Most of the Chinese tea plants Fortune introduced to India’s north-western provinces didn’t survive, with the exception of a few plants that persisted in older Indian gardens. The British preference and fashion for strong dark tea brews contributed to the failure in India as well. These brews were best produced using the native Assam distinct species (Camellia sinensis var. assamica) rather than the choice that Fortune had made in China. However, the technology and knowledge that were brought over from China were essential to the later success of the Indian tea industry in Sri Lanka and Assam. Mission accomplished more than satisfactorily for this Queen’s servant!

Among his publications are the following:

  • Three Years’ Wanderings in the Northern Provinces of China (1847)
  • A Journey to the Tea Countries of China (1852)
  • A Residence Among the Chinese’ (1857)
  • Yedo and Peking’ (1863)

After his 1862 return from Japan, he retired, returned to Scotland, and started farming in East Lothian. Many plants, shrubs, and trees that came from China to Europe are attributed to Fortune. He made enough money from his books to live comfortably. On April 13, 1880, Mr Fortune passed away.

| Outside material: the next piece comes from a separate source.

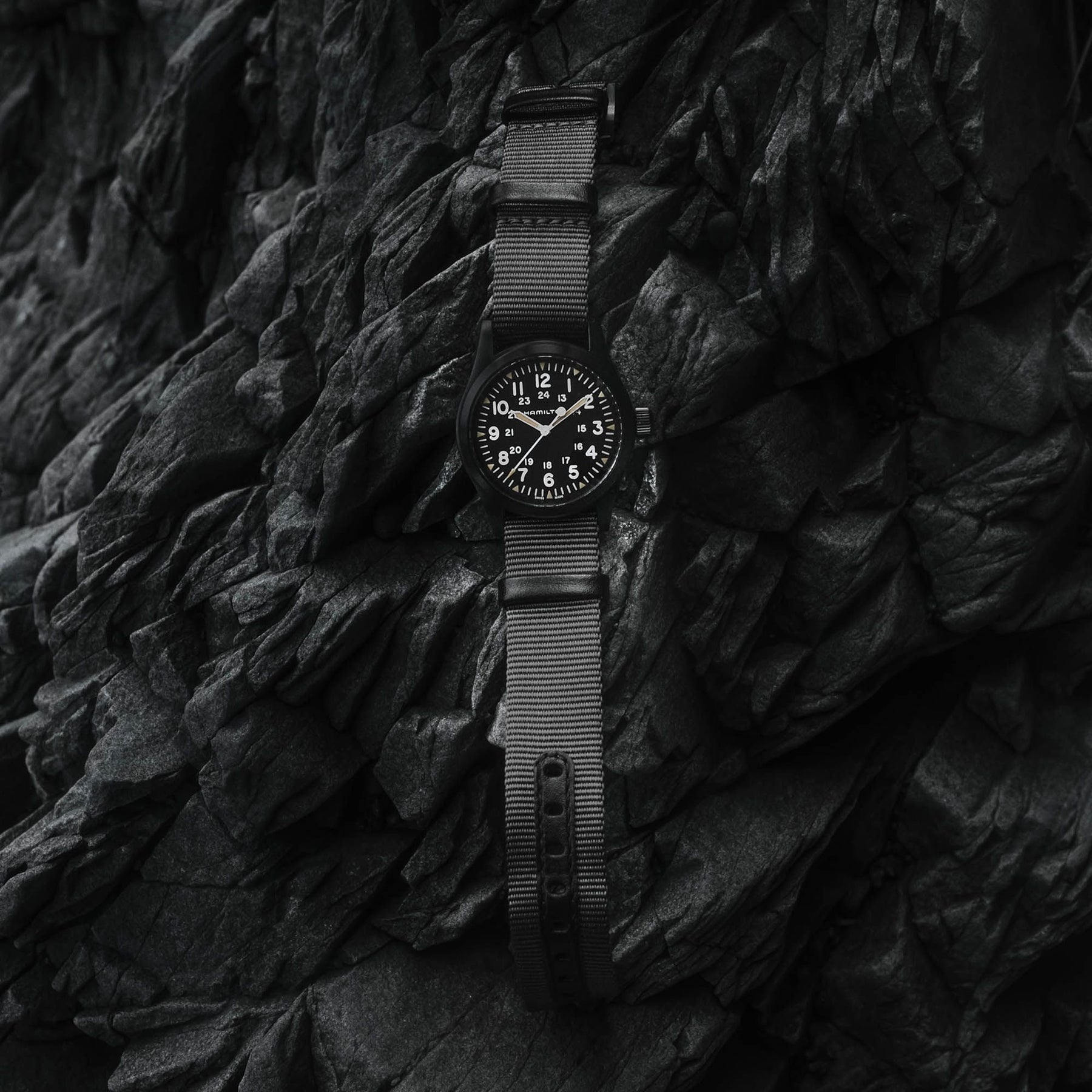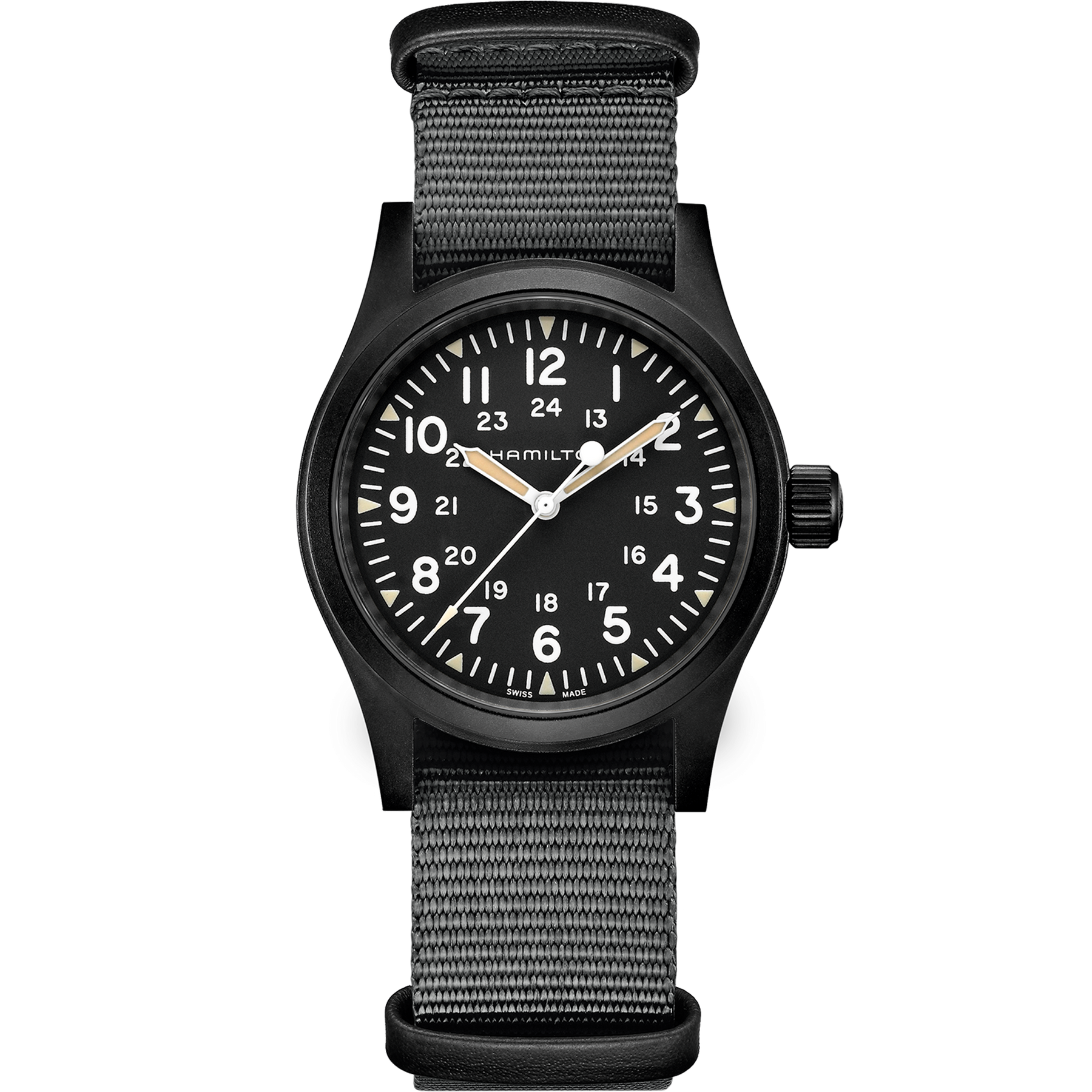 The black and gray color scheme of this Khaki Field Mechanical is a subtle approach to military styling. It is powered by the exclusive H-50 handwinding movement which is housed in a 38 mm case. Triangular indexes with old radium color Super-LumiNova® and a durable NATO strap complete the package.
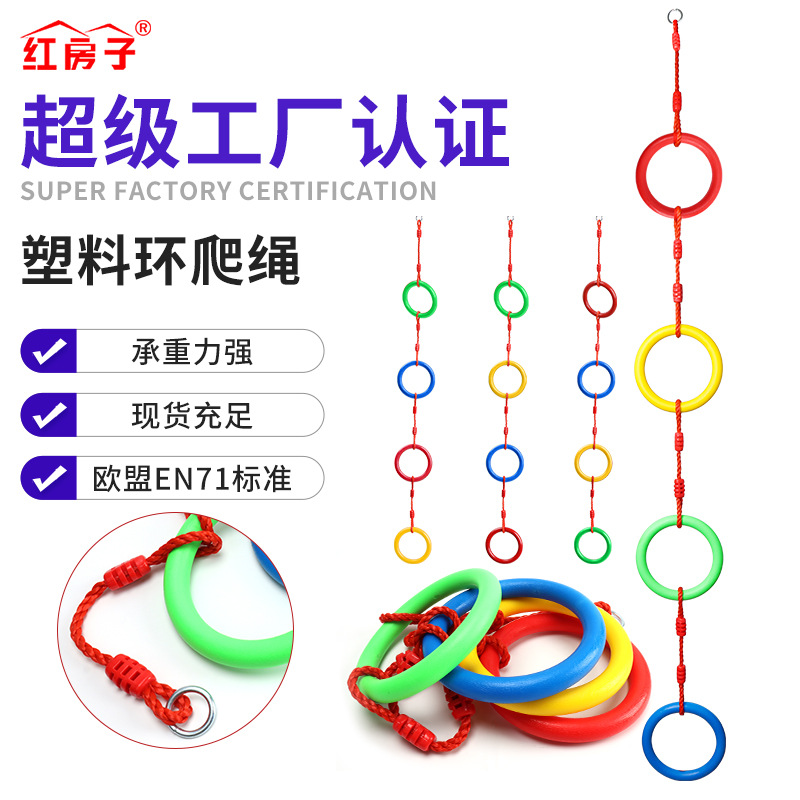Детские игрушки для лазания, подходящие для использования в помещении и на улице, включая веревки для лазания, пластиковые кольца и веревки для качелей.

Robert Fortune’s story is one of determination, ingenuity, and bravery. He was a true pioneer in botany, and his work helped bring two of the world’s most popular beverages to billions of people. He was a man who faced many challenges and overcame them all through hard work and determination. Today, tea is enjoyed by people all over the world, and it is hard to imagine a time when it wasn’t widely available. But this beloved drink may never have made it out of China without Robert Fortune. Thanks to his daring explorations, we can all enjoy a cup of tea whenever we please.